PROBLEM DETAILS: Every record below should be transcribed exactly. Omit the images.

Records from a data collection
○ ○ ○ ○

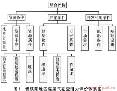 基于對(duì)晉陜蒙地區(qū)煤田地質(zhì)、煤層氣地質(zhì)資料及開發(fā)數(shù)據(jù)的分析,認(rèn)為影響本區(qū)煤層氣資源勘查潛力的因素主要有資源條件、開采條件、開發(fā)利用條件3個(gè)方面,具體評(píng)價(jià)指標(biāo)體系見圖1。
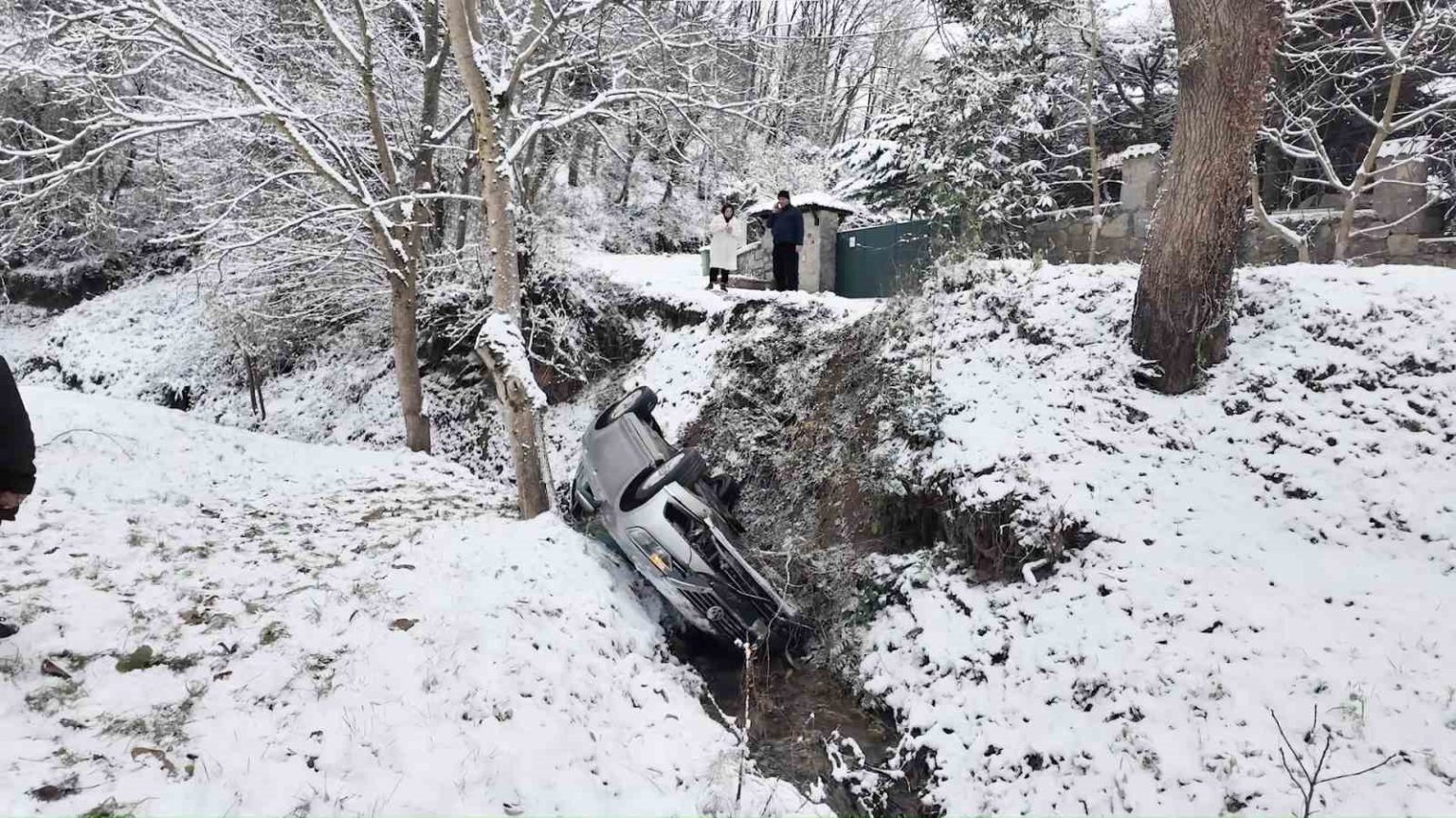 Edinilen bilgilere göre, 34 KE 2161 plakalı otomobilin sürücüsü S.K., karla kaplanan ve kayganlaşan yokuşta kontrolünü kaybetti. Savrulan araç, yol kenarındaki dereye uçarak durabildi. Kazanın ardından çevredekilerin ihbarı üzerine olay yerine itfaiye, sağlık ve polis ekipleri sevk edildi.
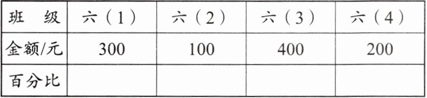 (1)算出各班捐款金额占总捐款金额的百分数,填在上表中。
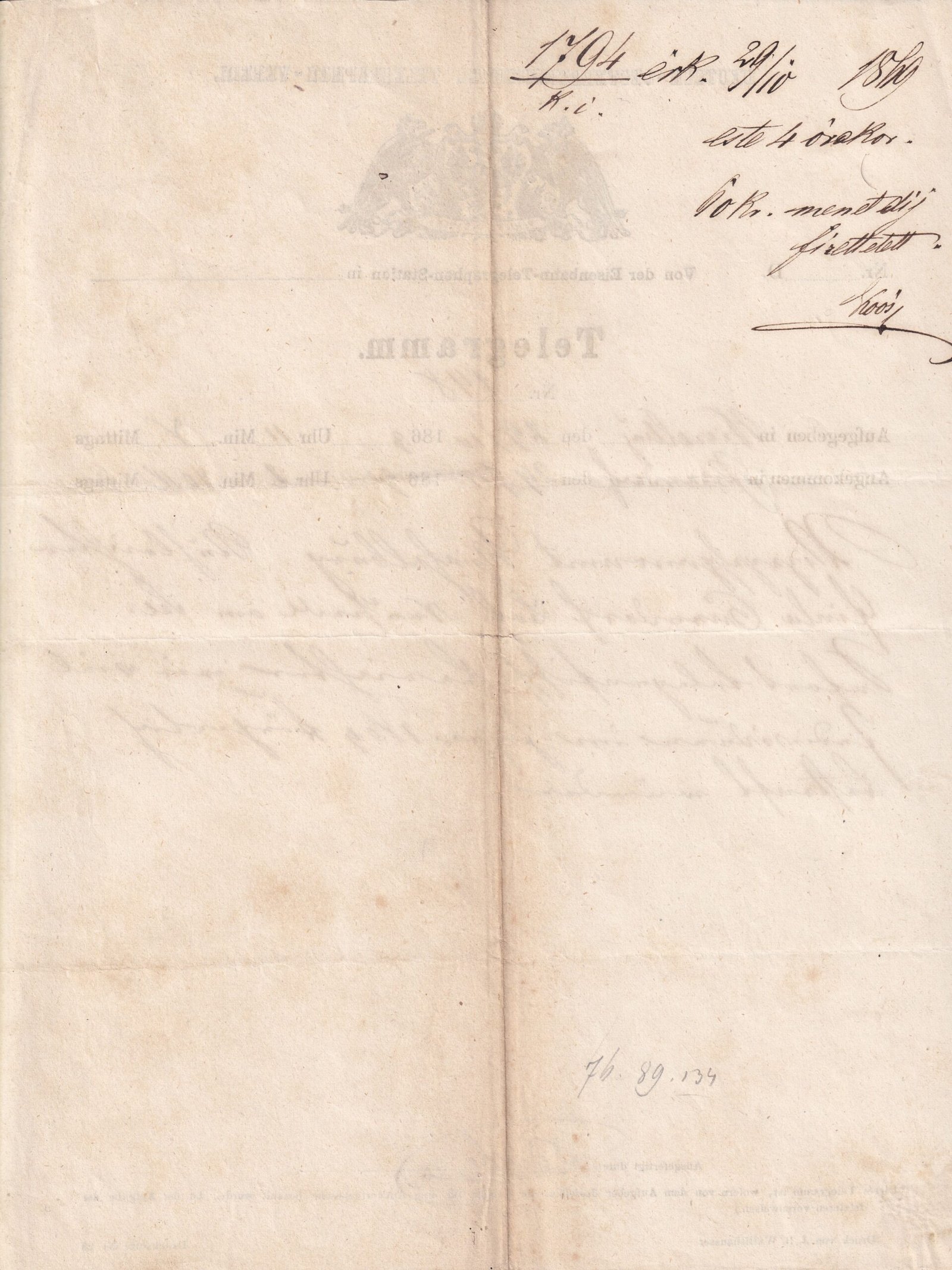 1869. Wieselburg-ról Pándorfaluba küldött Távírat – nagyon szép kiállítási darab!
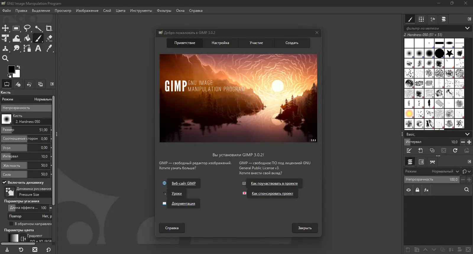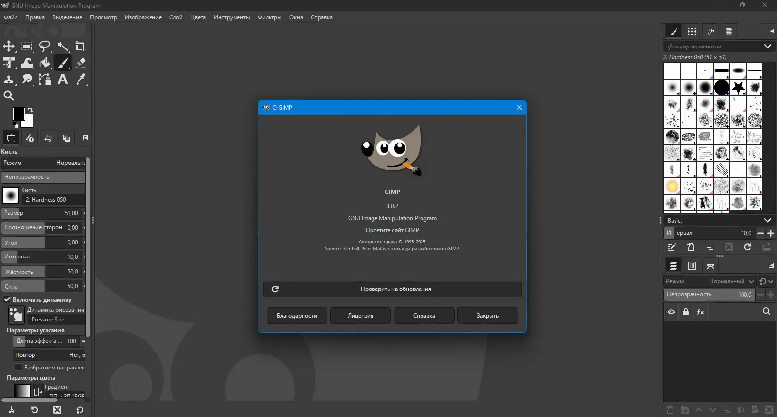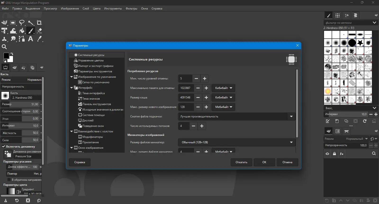 Интерфейс GIMP настраивается под нужды пользователя: палитры можно группировать, перемещать и превращать в отдельные окна. Все горячие клавиши, действия мыши и настройки ввода, включая устройства вроде Griffin Powermate, поддаются полной перенастройке. Для рисования доступны масштабируемые кисти и поддержка графических планшетов, что обеспечивает естественное взаимодействие с инструментами.
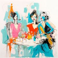 Drie vriendinnen genieten van een gezellige borrel op een zomerse dag. Hun levendige gesprekken worden weergegeven door de expressieve penseelstreken en het heldere kleurenpalet. Ze lachen, proosten met hun glazen wijn en genieten van het samenzijn. Het kunstwerk straalt een zomerse vibe uit, vol warmte, vriendschap en ontspanning.
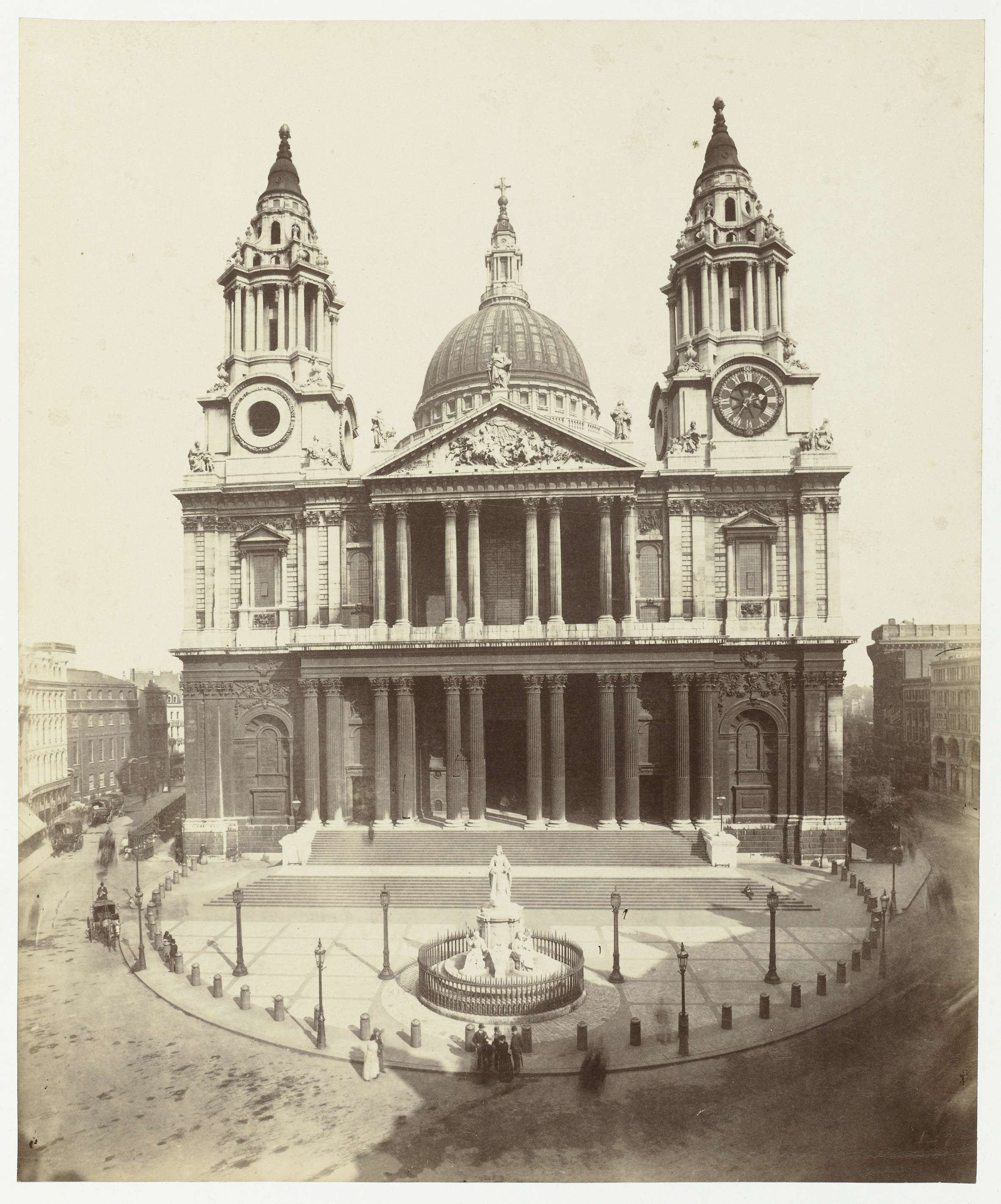 Gezicht op de Sint Pauluskathedraal en de fontein La...

○ ○ ○ ○

EXERCISE RESPONSE:
 基于對(duì)晉陜蒙地區(qū)煤田地質(zhì)、煤層氣地質(zhì)資料及開發(fā)數(shù)據(jù)的分析,認(rèn)為影響本區(qū)煤層氣資源勘查潛力的因素主要有資源條件、開采條件、開發(fā)利用條件3個(gè)方面,具體評(píng)價(jià)指標(biāo)體系見圖1。
 Edinilen bilgilere göre, 34 KE 2161 plakalı otomobilin sürücüsü S.K., karla kaplanan ve kayganlaşan yokuşta kontrolünü kaybetti. Savrulan araç, yol kenarındaki dereye uçarak durabildi. Kazanın ardından çevredekilerin ihbarı üzerine olay yerine itfaiye, sağlık ve polis ekipleri sevk edildi.
 (1)算出各班捐款金额占总捐款金额的百分数,填在上表中。
 1869. Wieselburg-ról Pándorfaluba küldött Távírat – nagyon szép kiállítási darab!
 Интерфейс GIMP настраивается под нужды пользователя: палитры можно группировать, перемещать и превращать в отдельные окна. Все горячие клавиши, действия мыши и настройки ввода, включая устройства вроде Griffin Powermate, поддаются полной перенастройке. Для рисования доступны масштабируемые кисти и поддержка графических планшетов, что обеспечивает естественное взаимодействие с инструментами.
 Drie vriendinnen genieten van een gezellige borrel op een zomerse dag. Hun levendige gesprekken worden weergegeven door de expressieve penseelstreken en het heldere kleurenpalet. Ze lachen, proosten met hun glazen wijn en genieten van het samenzijn. Het kunstwerk straalt een zomerse vibe uit, vol warmte, vriendschap en ontspanning.
 Gezicht op de Sint Pauluskathedraal en de fontein La...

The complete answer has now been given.